August 29, 2017
Thomas F. Hilton and Dennis McCarty
Never invest money you cannot afford to lose.
That admonition came from the late stock market expert, Louis Rukeyser, in his 1976 book, How to Make Money on Wall Street. This remains wise advice for anybody wanting to invest a sudden windfall. Financial planners will tell you that there are three things you can do with money. First, you can spend it. Spending is buying something that will depreciate over time like a car. Second, you can invest it. Investing is buying something that you hope will appreciate in time like stocks or a house. Third, you can let it sit in the bank for a rainy day where it may not do anybody any immediate good. Moreover, it might disappear on its own as states often recoup unspent funds.
Our opinion is that, while devastating right now, the opioid emergency is unlikely to last very long. We believe that it is risky to invest short-term opioid emergency funds in service expansion because once that funding is no longer available, you may not have the resources to serve your increased client load. This type of investment only makes sense with a solid plan for long-term capacity building, such as a funding commitment from municipal or philanthropic sources. Short of that, service expansion may do more harm than good in the long run.
Another option is spending on things like new computers for staff, upgrading software and servers, or redesigning your website. While all that stuff depreciates, it can also enhance efficiency, which could translate into increased capacity and the need for more future operating funds. Thus, some spending can become an infrastructure investment.
The challenge is how to decide; not just what to decide on. As the influx of added resources is likely to affect everyone in your organization, they will likely and rightly feel that they have a stake in its distribution. Managed carefully, the new resources can energize staff members if the way the funds are spent is perceived by all to be in the best interest of the organization and its clients.
Here are a few things you might consider doing – if opioid emergency funds become available:
Capacity: Set up a committee to explore how funds might be used to expand capacity knowing that resources will be finite. Meet with your state authority and determine how they plan to prioritize additional funds.

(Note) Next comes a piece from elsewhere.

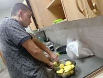 3. Пока варится мясо, мы наряжаем картофель мелкими кубиками.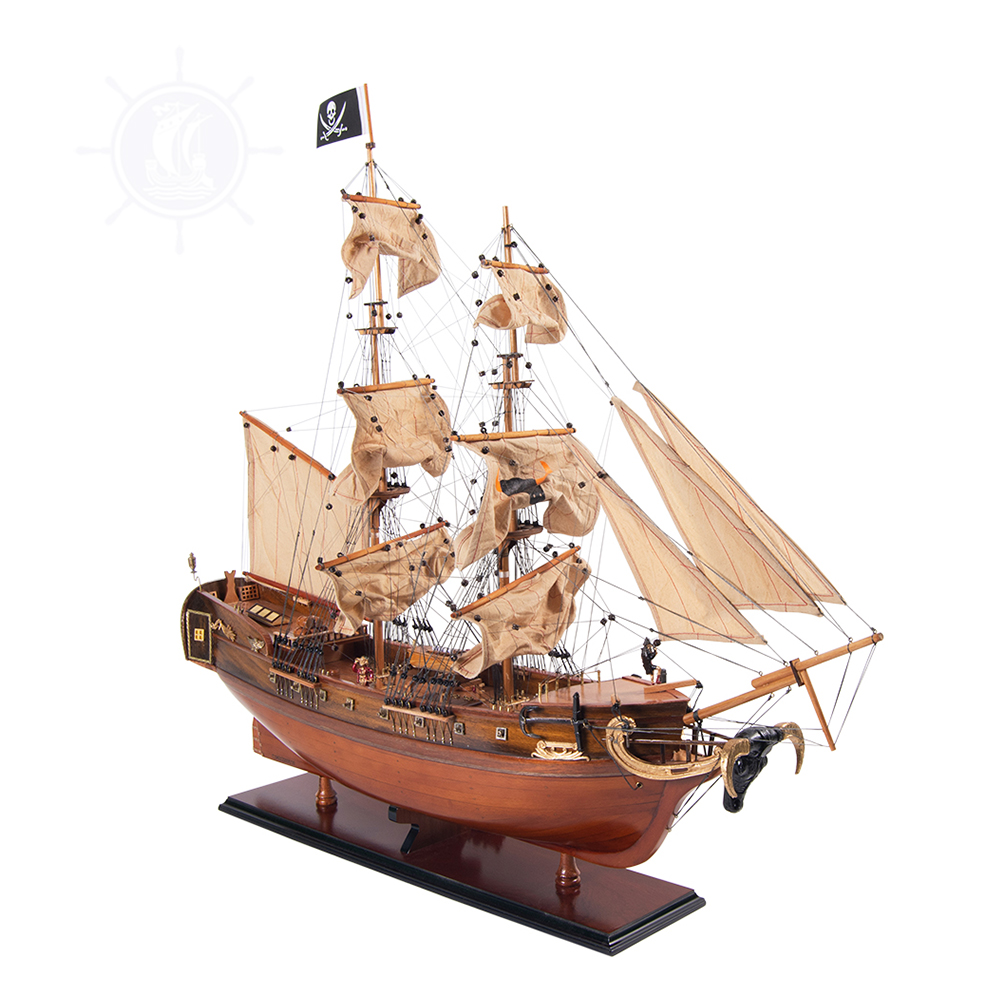 Handcrafted with precision using traditional frame construction and hull planking techniques, our pirate ship replica is a testament to craftsmanship and attention to detail. Exotic woods such as teak, mahogany, rosewood, or mango have been skillfully incorporated, resulting in a strikingly noble and decorative end product.

Outreach: Politics usually causes emergency funds to be wide spread and they may wind up in jails, courts, schools, churches, half-way houses, etc. Creating working groups to explore collaborating with other recipients might build some long-overdue bridges not fully developed due to lack of start-up resources. It may enable you to collaborate with local health centers and together build systems of care that included opioid agonist therapy with buprenorphine. Health centers often struggle with addressing opioid use disorder and may be willing to have your counselors see patients with disorders at their health center.
Needs Assessment: Mike Dennis at Chestnut Health Systems has often noted that a great many people with alcohol and substance use problems are “multimorbid.” The new opioid crisis may have created a shift in client needs from previous years. They may need more careful monitoring for suicidality, education about what to do if they OD, help transitioning from long-term unemployment, or accessing more intense recovery support, such as Oxford Houses. The needs assessment should also consider the need for counselors skilled in assessing and treating co-morbid mental health disorders. You may be able to advocate for enhanced reimbursement so that your counselors can be paid better and you can recruit and retain counselors with the skills needed to treat complex patients.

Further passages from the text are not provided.